Work required: Beginning at the top of the entries below, retype each line exactly until the line containing "くすみカラーのうさぎ耳付きロンパース♡" has been written out; include no pictures and no later lines.

** Opening Data excerpts block **

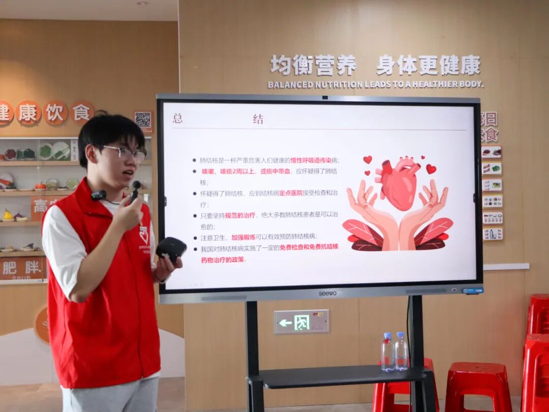 七色花童话屋里,志愿者与就诊小朋友们共同制作小风车;儿科病房里,志愿者悉心教导患儿绘制非遗脸谱;健康管理中心内,肺结核宣讲团的志愿者们为公众普及疾病防控知识,现场互动热烈;眼科门诊区,志愿者们手把手指导每位患者就诊……这些瞬间,让医院的每一个角落充满青春的温度。
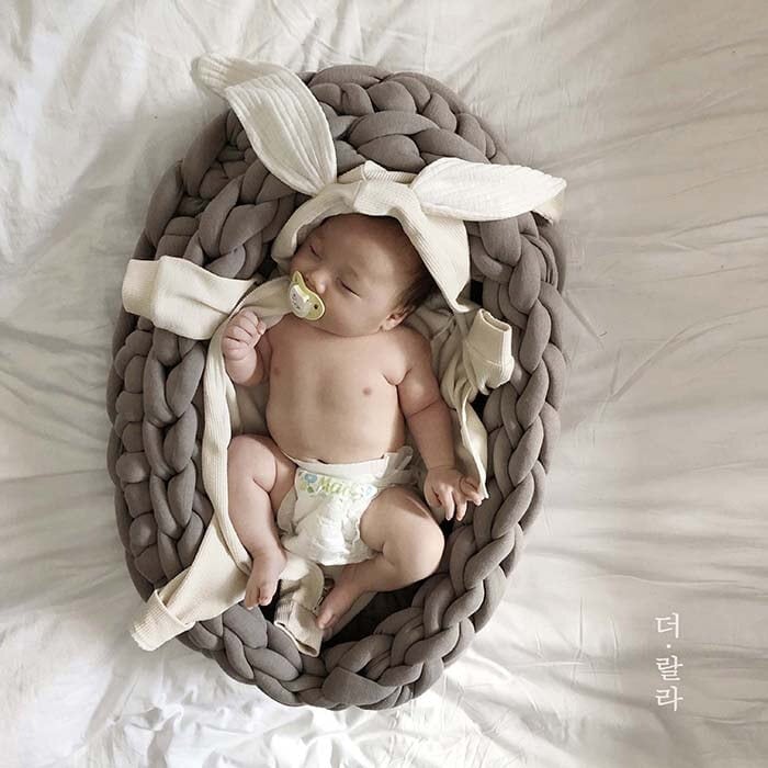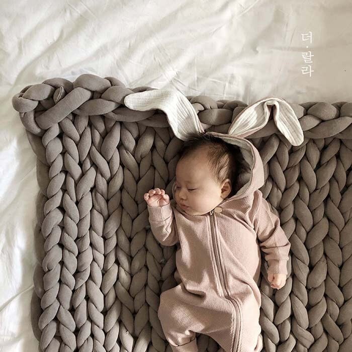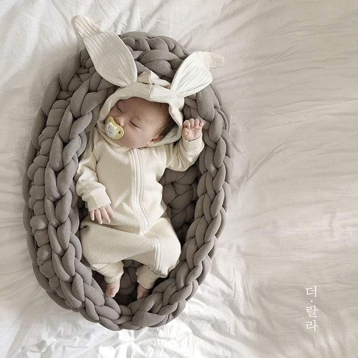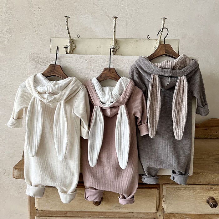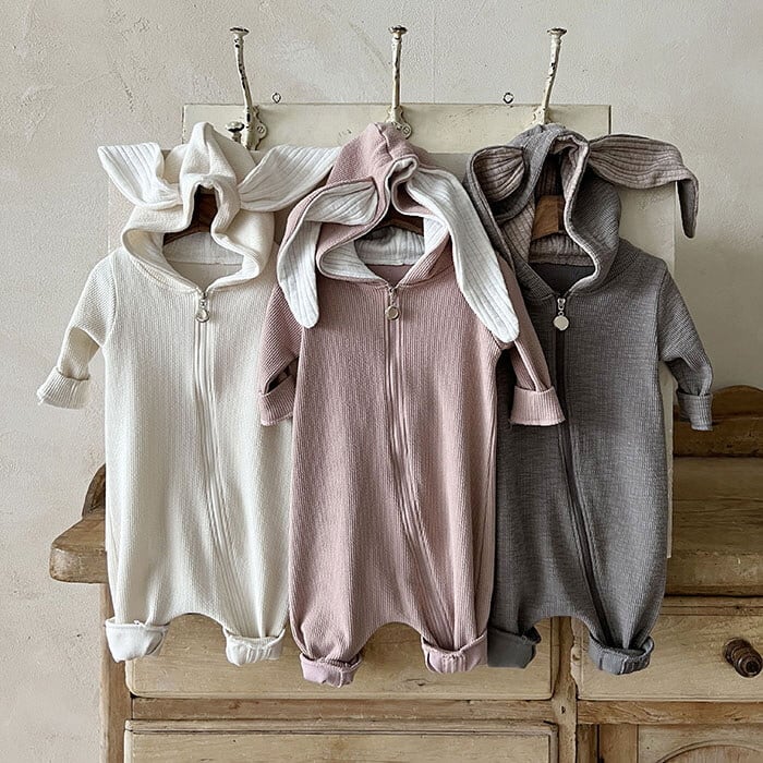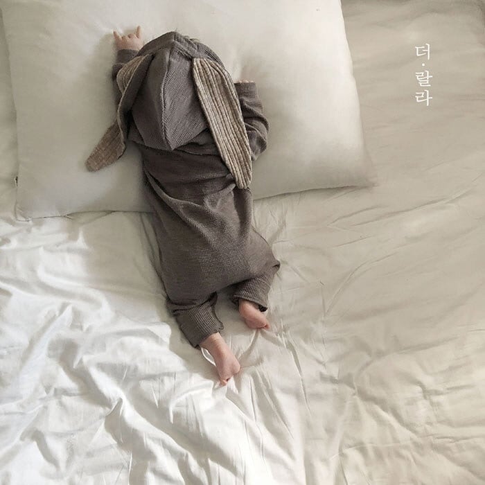 くすみカラーのうさぎ耳付きロンパース♡
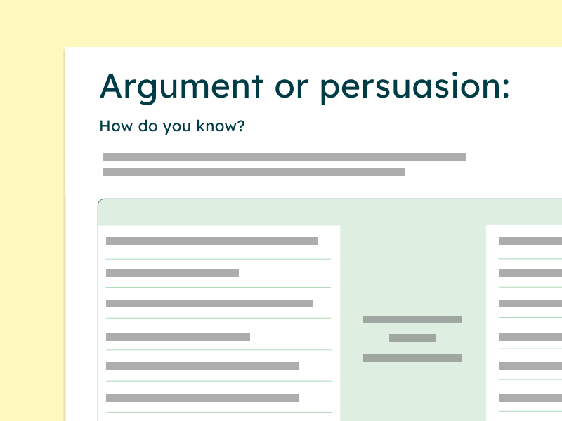 This handout is intended to help students and educators differentiate between two genres that are often confused: argumentation and persuasion. Best used near the beginning of the unit, students will want to consult this handy reference often in order to be certain that they understand the demands of each as they complete assignments. Use to solidify the discussion after the initial use of the Argumentation with integrity anticipation guide and/or the Argumentation with integrity: Anticipation guide presentation or Argumentation or persuasion poster.
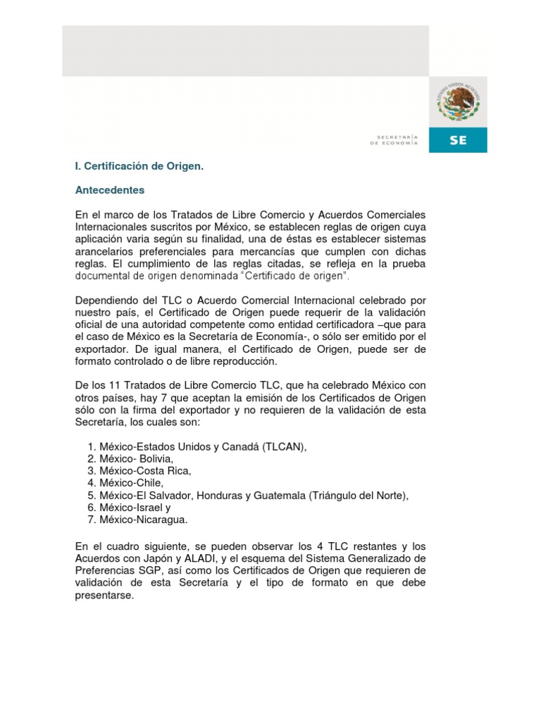 Certificados de Origen en la Secretaría de Economía.
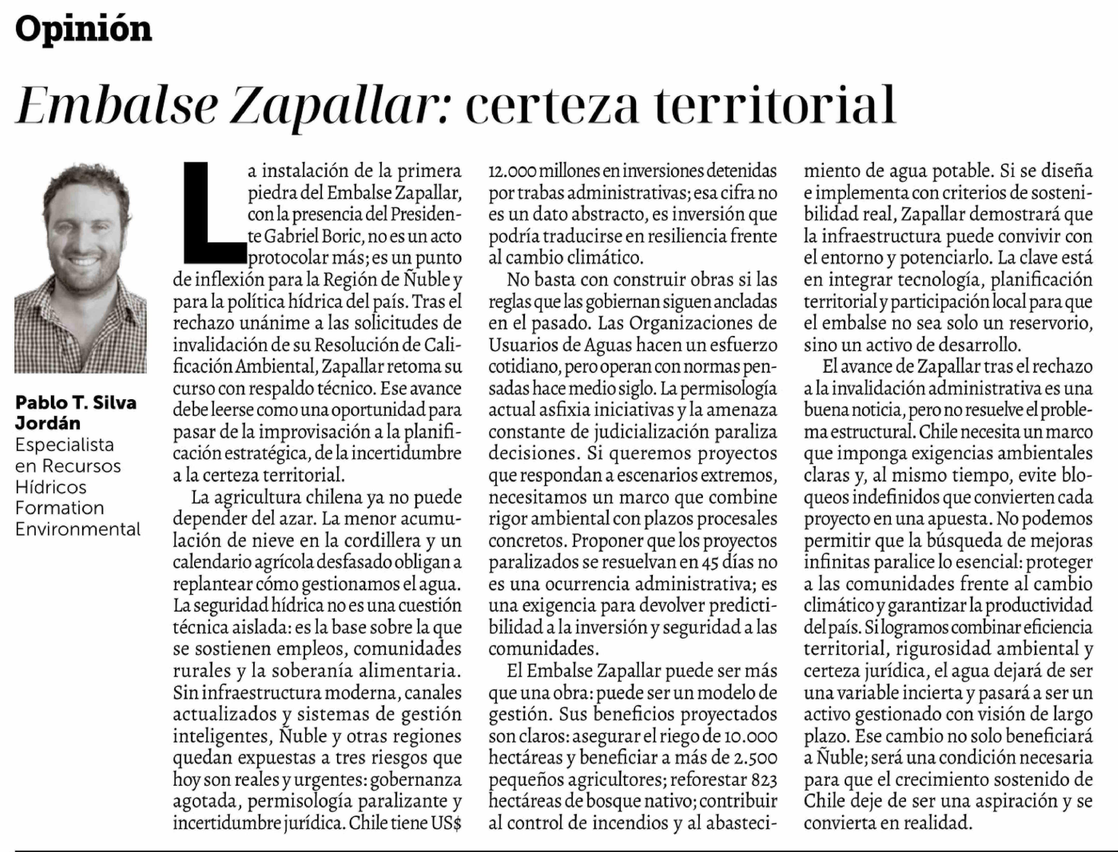 Título: Columnas de Opinión: Embalse Zapallar: certeza territorial
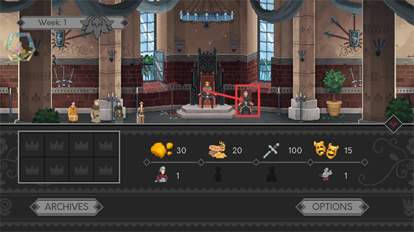 1、在【Week:1】的场景中,关注界面显示的资源数值(如【30】金币、【20】物资等),后续可通过交互NPC推进剧情。
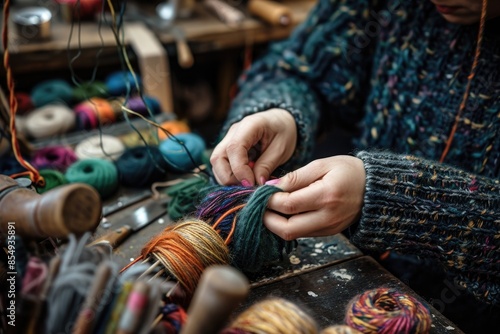 a woman is knitting a sweater with a yarn ball, Learn a new craft skill
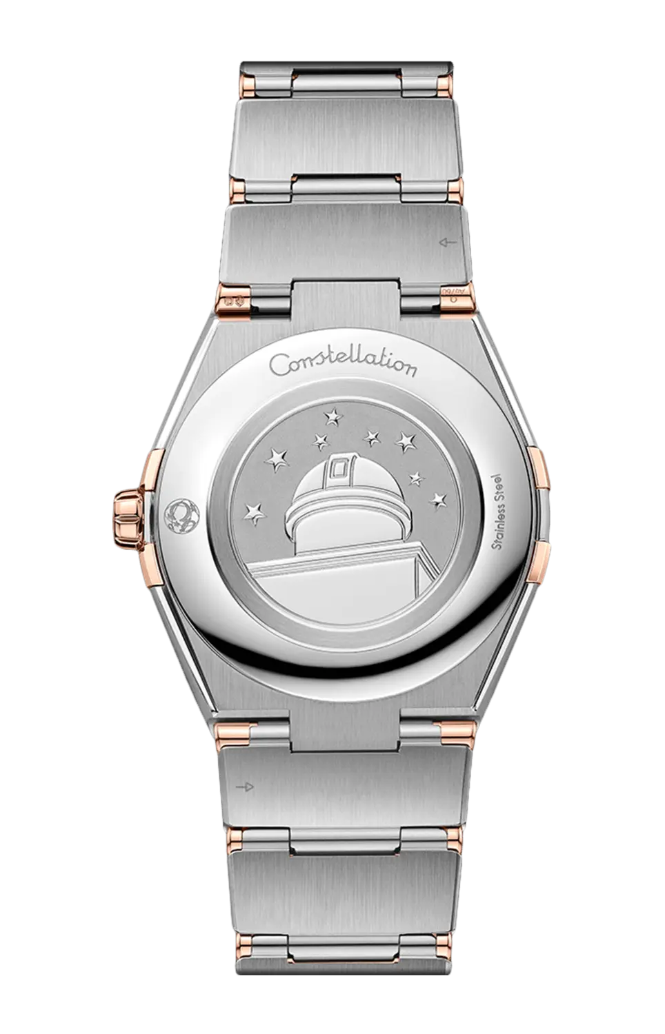 Бренд: Omega Необычный дизайн коллекции Omega Constellation, рассчитанный на долгие годы, характеризуется знаменитыми полумесяцами, «зубцами» на корпусе и браслетами «монозвонок». Эта модель диаметром 36 мм из нержавеющей стали и 18-каратного золота sedna. безель с выгравированными римскими цифрами, серебристо-кремовый циферблат с шелковистым тиснением и окошком даты в положении «6 часов». Циферблаты также выполнены из 18-каратного золота седны. стрелки, логотип Omega, звезда Constellation и индексы. Часы бьются в ритме калибра Omega 4564, заключенного в матовую заднюю крышку с тиснением, на которой изображен медальон Constellation с изображением обсерватории.
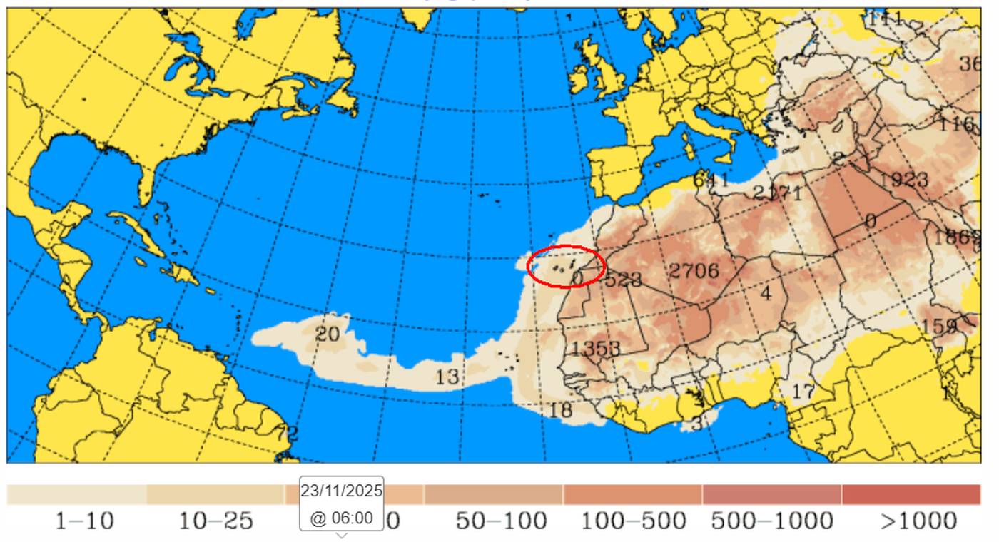 Varme luftstrømmer vil komme inn over Kanariøyene når DANAen svekkes, og det kan bli en middels tett calima, det vil si mikroskopiske sandpartikler fra Sahara som legger seg som en sanddis på Kanariøyene.
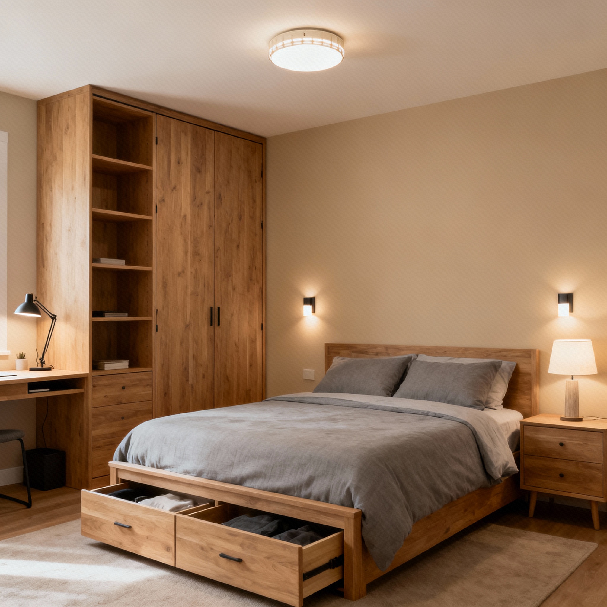 Vertical solutions: Place wall-mounted shelves or high cabinets to maximize headroom. A tall dresser or a shelf over a desk frees up floor area while keeping things organized.

** Closing Data excerpts block **

Response area:
 七色花童话屋里,志愿者与就诊小朋友们共同制作小风车;儿科病房里,志愿者悉心教导患儿绘制非遗脸谱;健康管理中心内,肺结核宣讲团的志愿者们为公众普及疾病防控知识,现场互动热烈;眼科门诊区,志愿者们手把手指导每位患者就诊……这些瞬间,让医院的每一个角落充满青春的温度。
 くすみカラーのうさぎ耳付きロンパース♡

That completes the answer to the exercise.